In both cases, maximum of 10000 genes can be supplied. The gene identifiers can be any of: Ensemble gene ID, Ensembl protein ID, Ensembl transcript ID, Entrez gene ID, gene symbol, NCBI GI, HGNC ID, International protein index ID, NCBI UniGene ID, UniProt accession or UniProt ID.

organism

(numeric) NCBI taxon ID. run rba_panther_info with argument 'what = "organisms"' to get a list of PANTHER's supported organisms.

annot_dataset

A PANTHER dataset ID to test your input against it. run rba_panther_info with argument 'what = "datasets"' to get a list of PANTHER's supported datasets.
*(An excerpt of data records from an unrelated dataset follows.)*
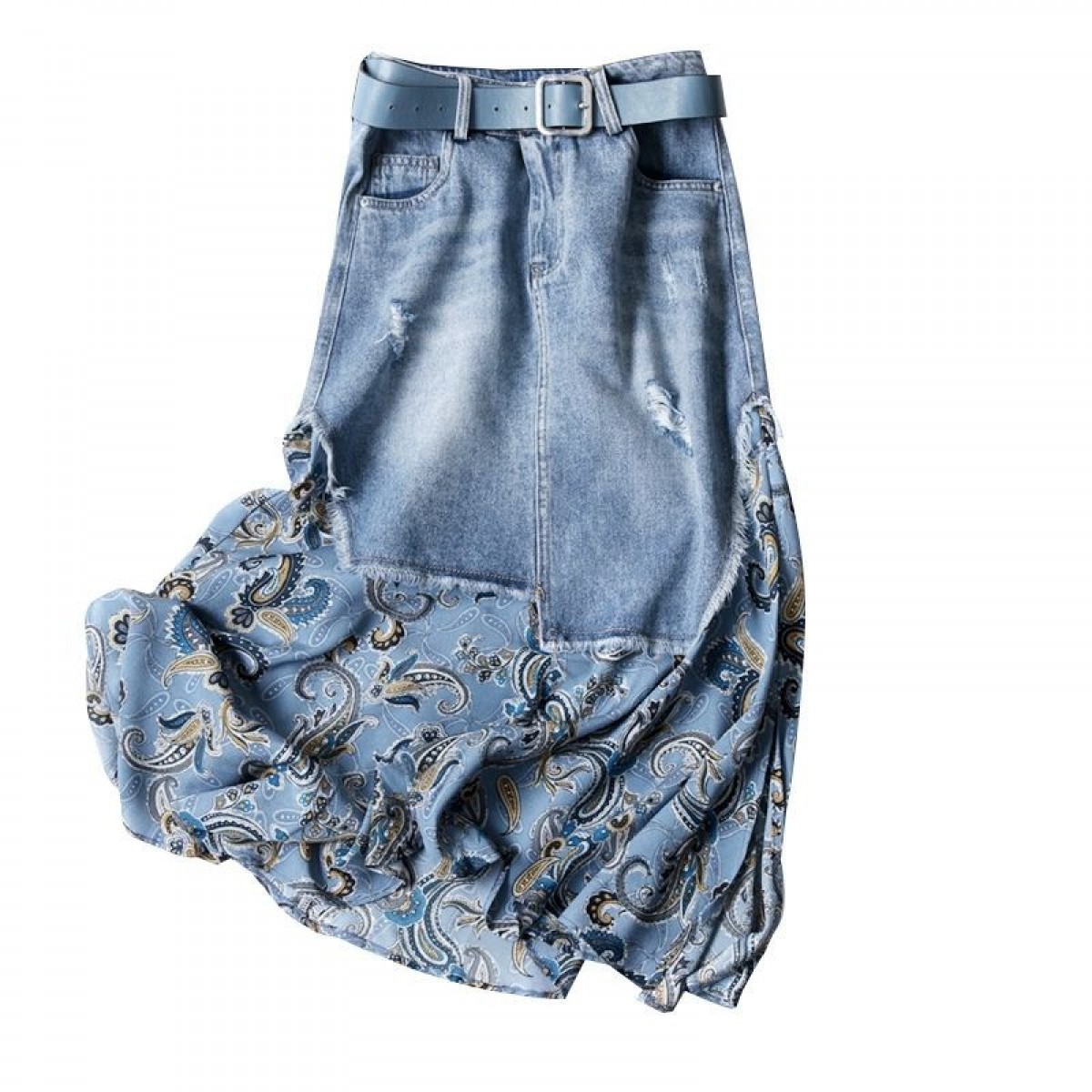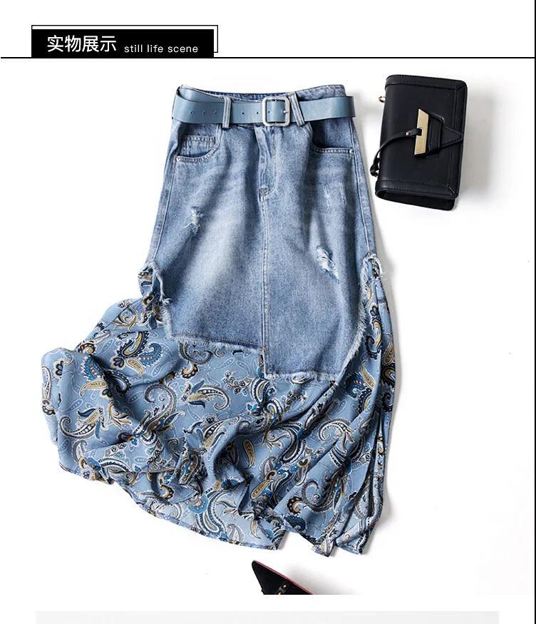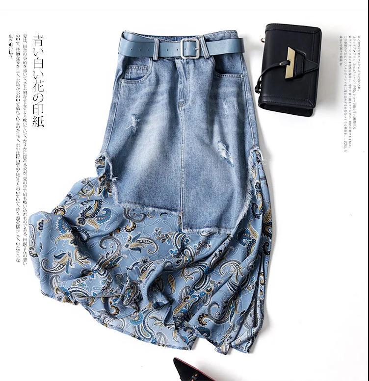 商品名稱:【專柜品質(zhì)】天絲牛仔裙半身裙女雪紡印花不規(guī)則時尚中長半裙
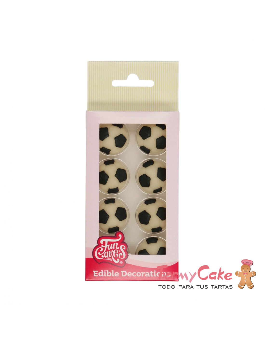 Este juego de 8 pelotas de fútbol comestibles de FunCakes es ideal para decorar cupcakes, galletas y tartas. Las decoraciones de fondant son muy detalladas y perfectas para tus fiestas temáticas de fútbol.
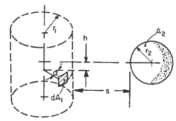 B-61: Element on surface of cylinder at longitude α to sphere; axis of sphere bisects and is normal to cylinder axis.
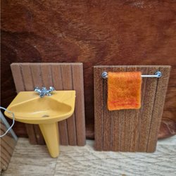 Badrumsmöbler för dockskåp. Setet inkluderar ett badkar, ett handfat med spegel och en toalett. Möblerna är tillverkade i trä.
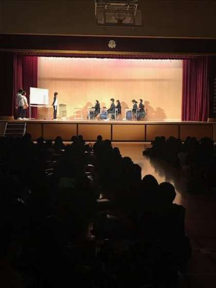 体育館で、生徒会・演劇部合同による『中学校生活の紹介』劇を観た後、各自希望の部に分かれて部活動体験をしてもらいました。
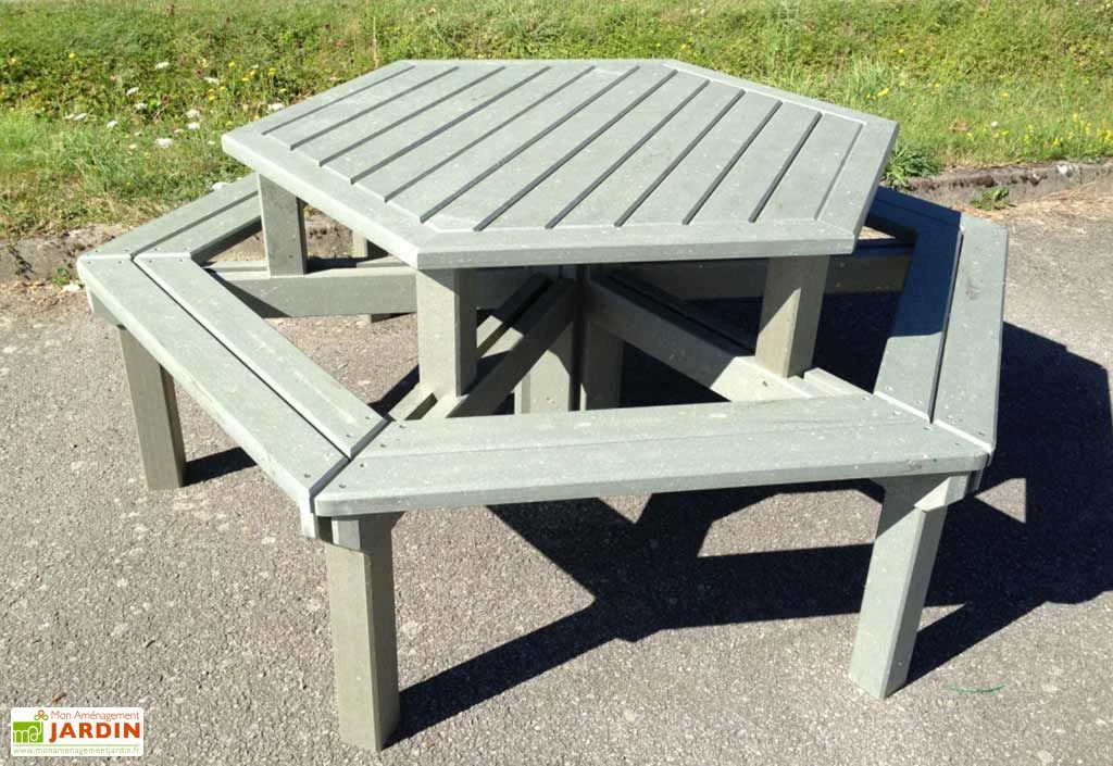 Cette table de pique-nique hexagonale trouvera parfaitement sa place dans un parc ou une cour d’école, par exemple. Elle est conçue pour offrir entre 6 et 12 places assises et est disponible en gris, marron ou carbone, au choix, afin de s’intégrer au mieux dans l’environnement à aménager. Son plateau de 166 cm de diamètre vous permettra de profiter de votre repas dans de bonnes conditions, pour un moment de convivialité en plein air.
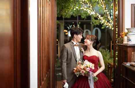 お色直しでは、新婦様の大好きな"赤"のカラードレスでご登場!ゲストの皆様にはサインライトでおふたりの再入場を盛り上げていただきました♪午後のご結婚式だったので、再入場の頃にはサインライトの光が映える時間帯に。パーティ後にはイルミネーションの撮影で、赤のカラードレスがキラキラ輝く、とっても素敵なお写真が撮影できました!
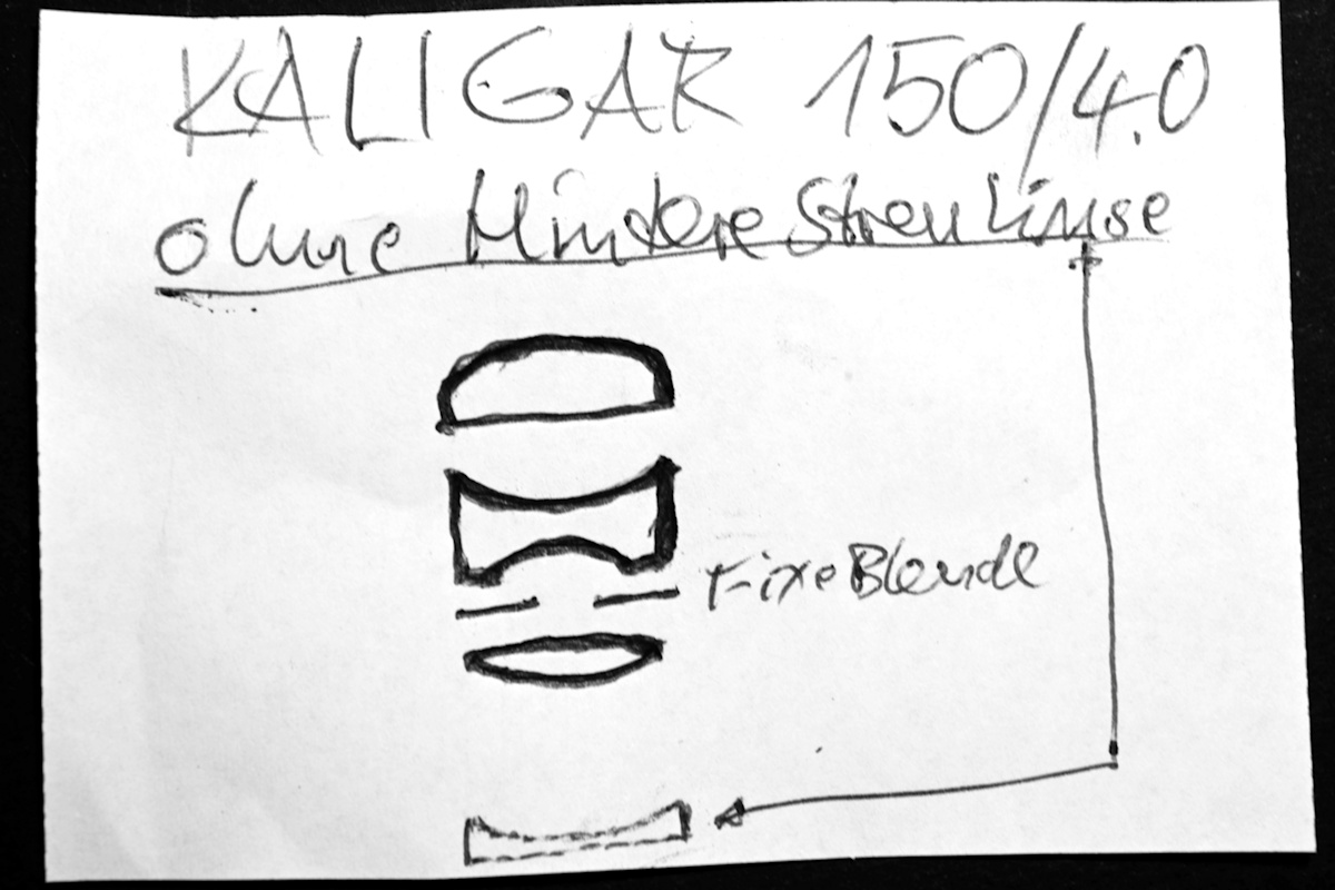 im Rahmen eines größeren Reparaturauftrages blieb mir ein KALIGAR 150 mm 1:4 übrig, dessen hintere (Streu-)-Linse fehlt und dessen Irisblende irreparabel kaputt war.
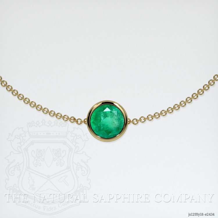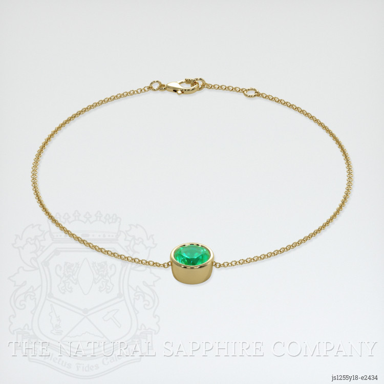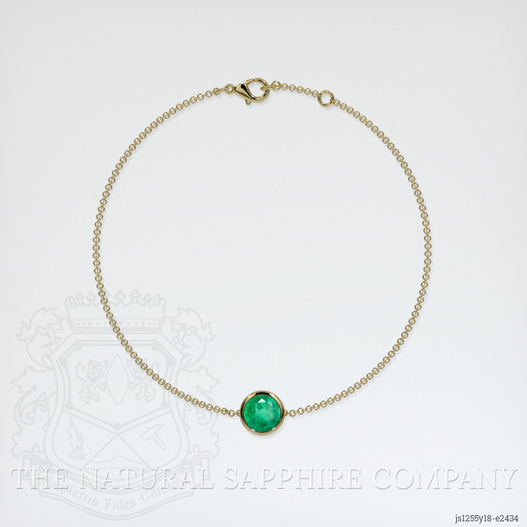 The bracelet features a beautiful, transparent 1.28 carat round shape green emerald with the dimensions of 6.88 x 6.75 x 5.01 mm and a mixed brilliant cut. It has a clarity grade of slightly included (evaluated at eye level), medium color saturation, and an excellent polish. The origin of this emerald is Zambia.

Note that you should enter the "id" of the dataset, not its label (e.g. entering "biological_process" is incorrect, you should rather enter "GO:0008150").

test_type

statistical test type to calculate the p values.

If performing over-representation analysis (i.e. `genes` parameter is a character vector), valid values are "FISHER" (default) or "BINOMIAL".
If performing statistical enrichment analysis (i.e. `genes` parameter is a data.frame), the only valid value is "Mann-Whitney"

correction

p value correction method. either "FDR" (default), "BONFERRONI" or "NONE".

cutoff

(Numeric) (Optional) a threshold to filter the results. if correction is "FDR", the threshold will be applied to fdr column's values; if otherwise, the threshold will be applied to p value column.

ref_genes

(Optional, only valid if genes is a character vector) A character vector of genes that will be used as the test's background (reference/universe) gene set. If no value supplied, all of the genes in specified organism will be used. The maximum length and supported IDs are the same as 'genes' argument.

ref_organism

(Optional, only valid if genes is a character vector) if 'ref_genes' is used, you can specify the organisms which correspond to your supplied IDs in 'ref_genes' argument. see 'organism' argument for supported values.

...

rbioapi option(s). See rba_options's arguments manual for more information on available options.

Value

A list with the parameters and results. If the analysis was successful, the results data frame are returned in the "results" element within the list. Otherwise, an error message will be returned under the "search$error" element in the returned list.

Details

Over-representation Test: It assesses whether specific gene sets are represented in your input gene list differently from what is expected by chance. It uses Fisher's exact test or Binomial test to calculate p-values. Fisher's exact test determines the probability of observing the gene counts in a category based on a hypergeometric distribution; the binomial test compares the observed proportion of genes in a category to the expected proportion based on the reference list. A significant p-value indicates over-representation or under-representation of a gene set.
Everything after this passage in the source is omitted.